■ About this task ■
With the material below, print exactly the lines between the line holding "Lækjartorg I - Teikning" and the line holding "떡과 어묵, 김말이, 유부주머니, 양배추, 삶은", inclusive. Add nothing else.

[Data Boundary: Start]

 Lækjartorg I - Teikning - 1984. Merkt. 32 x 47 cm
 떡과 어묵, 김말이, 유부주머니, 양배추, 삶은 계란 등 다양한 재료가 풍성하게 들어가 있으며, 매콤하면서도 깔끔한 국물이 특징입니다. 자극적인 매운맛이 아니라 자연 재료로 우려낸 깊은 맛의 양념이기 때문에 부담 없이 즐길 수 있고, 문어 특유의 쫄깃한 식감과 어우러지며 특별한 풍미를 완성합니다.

[Data Boundary: End]
[Data Boundary: Start]

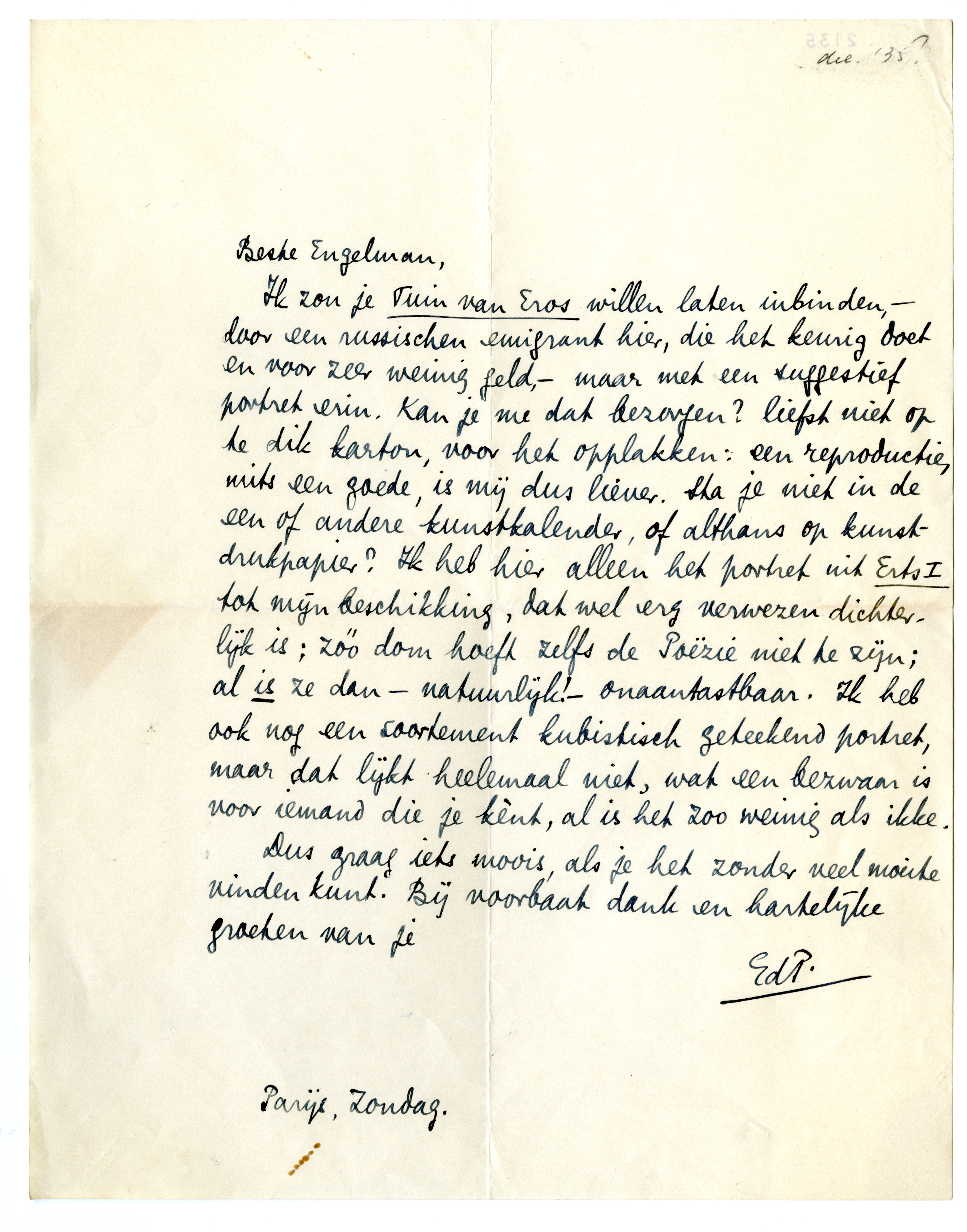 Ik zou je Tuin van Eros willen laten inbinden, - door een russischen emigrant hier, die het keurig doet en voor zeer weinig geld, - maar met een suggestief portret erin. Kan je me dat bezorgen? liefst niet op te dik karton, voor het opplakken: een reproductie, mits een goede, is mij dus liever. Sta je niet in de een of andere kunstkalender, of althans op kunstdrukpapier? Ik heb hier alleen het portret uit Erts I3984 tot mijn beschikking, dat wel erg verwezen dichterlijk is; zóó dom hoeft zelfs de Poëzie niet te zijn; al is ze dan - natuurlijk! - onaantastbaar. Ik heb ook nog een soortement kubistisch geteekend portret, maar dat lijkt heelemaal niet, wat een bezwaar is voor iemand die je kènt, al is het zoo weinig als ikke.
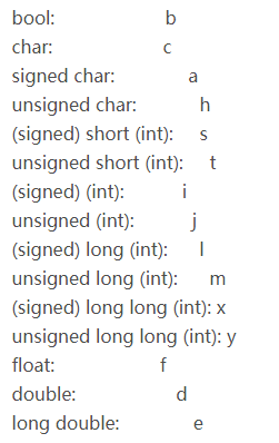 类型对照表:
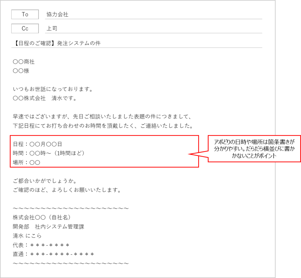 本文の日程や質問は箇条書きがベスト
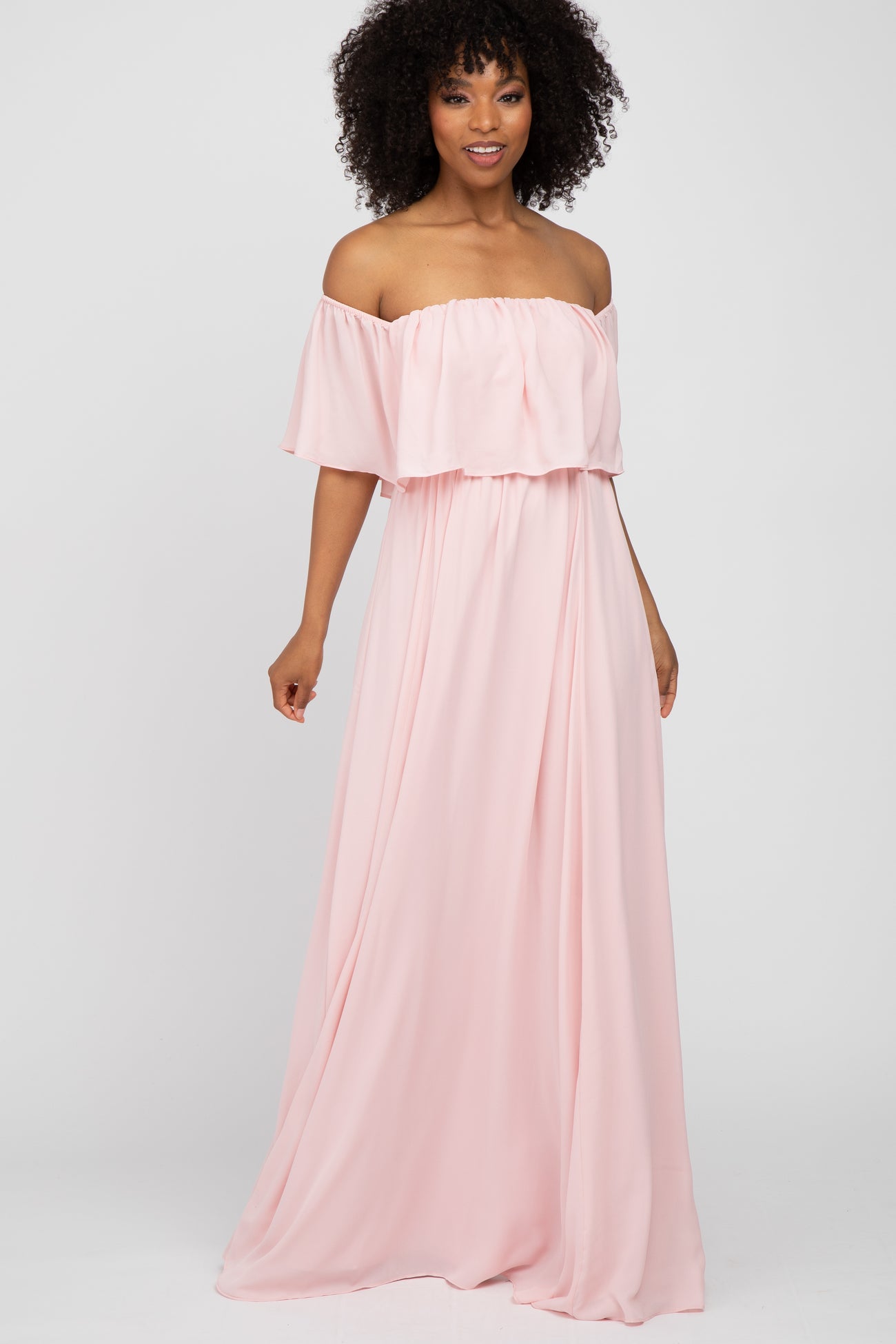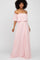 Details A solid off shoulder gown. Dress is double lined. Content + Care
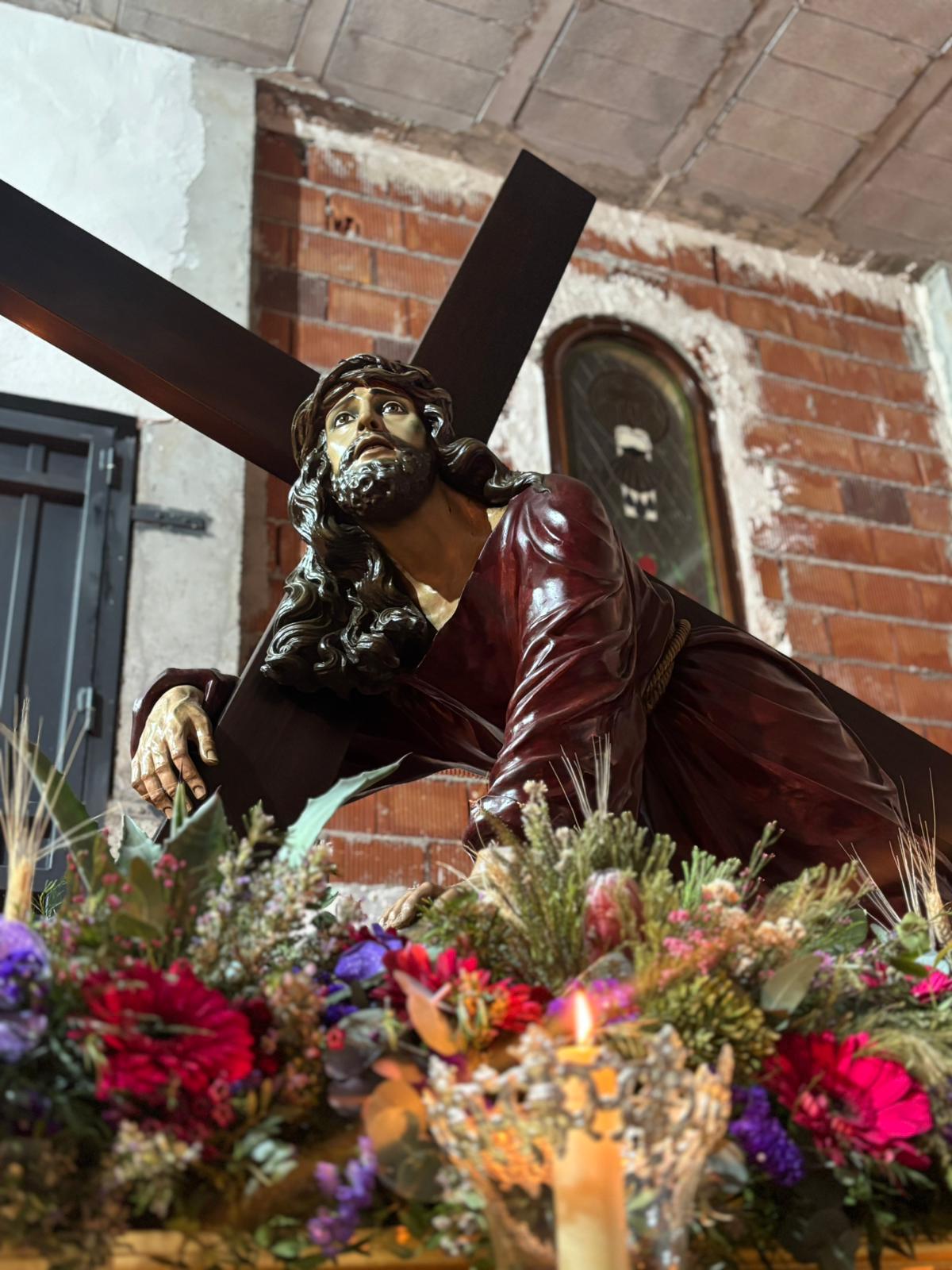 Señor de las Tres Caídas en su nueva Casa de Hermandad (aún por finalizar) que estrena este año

[Data Boundary: End]

■ Expected answer ■
 Lækjartorg I - Teikning - 1984. Merkt. 32 x 47 cm
 떡과 어묵, 김말이, 유부주머니, 양배추, 삶은 계란 등 다양한 재료가 풍성하게 들어가 있으며, 매콤하면서도 깔끔한 국물이 특징입니다. 자극적인 매운맛이 아니라 자연 재료로 우려낸 깊은 맛의 양념이기 때문에 부담 없이 즐길 수 있고, 문어 특유의 쫄깃한 식감과 어우러지며 특별한 풍미를 완성합니다.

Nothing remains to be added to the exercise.